Australia 88
Pakistan 148/3 (39.0 ov)
Pakistani cricket may have taken a beating over the last few years but their ability to put out a genuinely world-class pace attack in any circumstance remains unaffected. They've lost their last four Tests and have won only one of their last 18; their last series win came back in November 2006 but much of the blame can be put on a fragile batting line-up and poor catching.
But since last year, with the emergence of Mohammad Aamer and the return of Mohammad Asif combined with Umar Gul at first change, they have regularly been able to create openings in most Tests they have played. Though they've played only five Tests together so far, the trio has picked up 59 of the 83 wickets to have fallen in those games; at Lord's last week they took 15 of the 20 wickets.
Now they head to Headingley to try and prevent a 14th successive Test loss to Australia, a bilateral dominance unmatched in modern Test cricket. Though the ground is no longer the swing haven it was in the 80s, it still offers help to pace bowlers and much of Pakistan's hopes of avoiding a whitewash lie with the three.
Michael Holding, the former fast bowling great, was commentating during the first Test and was impressed by what he saw, in particular of the youngest of the three, Aamer. "The impressive thing about Aamer is the fact that at 18, he has the ability to move the ball in both directions without any noticeable change in action or delivery, yet has the control to adjust so easily to left- and right-handed batsmen," Holding told Cricinfo.

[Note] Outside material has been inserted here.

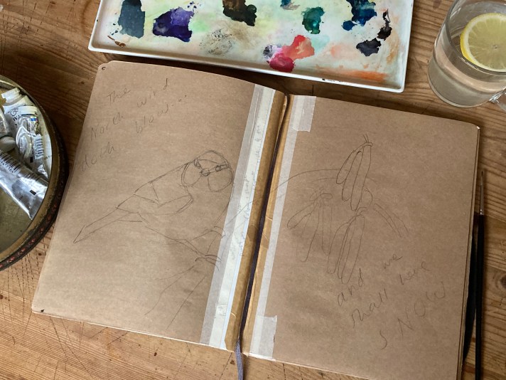 I recreated these little prints by pressing white gouache on to the page with a natural sponge…I probably should have used some gooey acrylic that wouldn’t have taken on the underlying brown hue of the Kraft paper but I have a ridiculous aversion to acrylic paint so stuck with the watery option. Likewise the snow blobbed on to the branches, but I had quite a bit of titanium white on my palette so seemed sensible to use it.
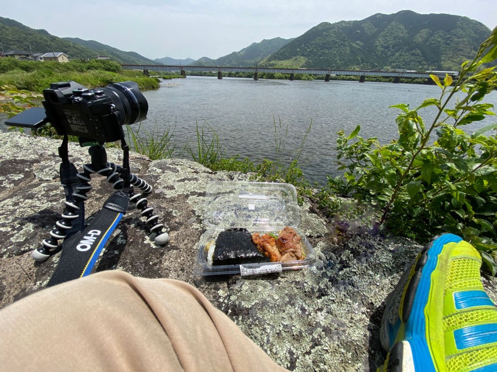 途中川を渡ってコンビニに寄り道して昼ご飯を買い込みました。

Aamer picked up four wickets in the first innings, but was more erratic in the second, when he went wicketless. "The pace that he generates is good and consistent," said Holding. "He is still a bit inexperienced as evidenced by his performance in the second innings when he started to experiment too much when he didn't pick up early wickets but time will cure that." Time is something Asif has served. Since his comeback to international cricket, following a virtual two-year absence on disciplinary grounds, Asif has picked up from almost precisely where he left off: he had 51 wickets in 11 Test at 23.13 until October 2007 and since then he has picked up 38 in 7 at 23.31. The strike-rates are marginally higher now, but the form has seen him shoot up to second place in the ICC rankings.
Holding is impressed though he says the regular comparisons between Asif's style and Glenn McGrath are misplaced. "Asif has done well and in this Test [Lord's] and has been more consistent over both innings because he has been around a bit longer and has more experience," Holding said. "He has enough pace when he puts it in to be disconcerting and has very good control.
"I wouldn't compare him with McGrath as I think there have been too many comparisons being made just because a bowler bowls medium pace and has good control. McGrath was taller and so able to get more bounce than most from closer to the batsman which makes a huge difference."
Gul's second-innings performance of 4-61 was arguably the most significant of the three for he has struggled to realign his strategy to Tests since becoming the game's leading Twenty20 fast bowler. Coach Waqar Younis highlighted a chink in the run-up during the Tests in Australia and Gul struggled at times with it during Lord's, bowling 12 no-balls in all. But he periodically relocated the lengths that made him such a Test prospect in his early years and the bounce and seam movement he generated from that troubled Australia, never more than in a fine second evening spell.
Holding warned, however, of the continuing impact the shortest form of the game will have on fast bowlers, a warning seconded by Imran Khan at the MCC's Cowdrey lecture. "I've always thought Gul was a good prospect. I don't watch that [Twenty20] format but it is obvious these days that fast bowlers will not last very long because of the amount of cricket they're being asked to play.
"They become medium-pacers at an early age, long before fast bowlers of the past because they just can't physically manage the workload. There is no way of managing the fast bowlers these days. It's just a fact that the amount of cricket they are being asked to play, they cannot last. Very soon, no one will bowl fast, they will all bowl at 80 odd miles an hour and try and last for a decade if possible."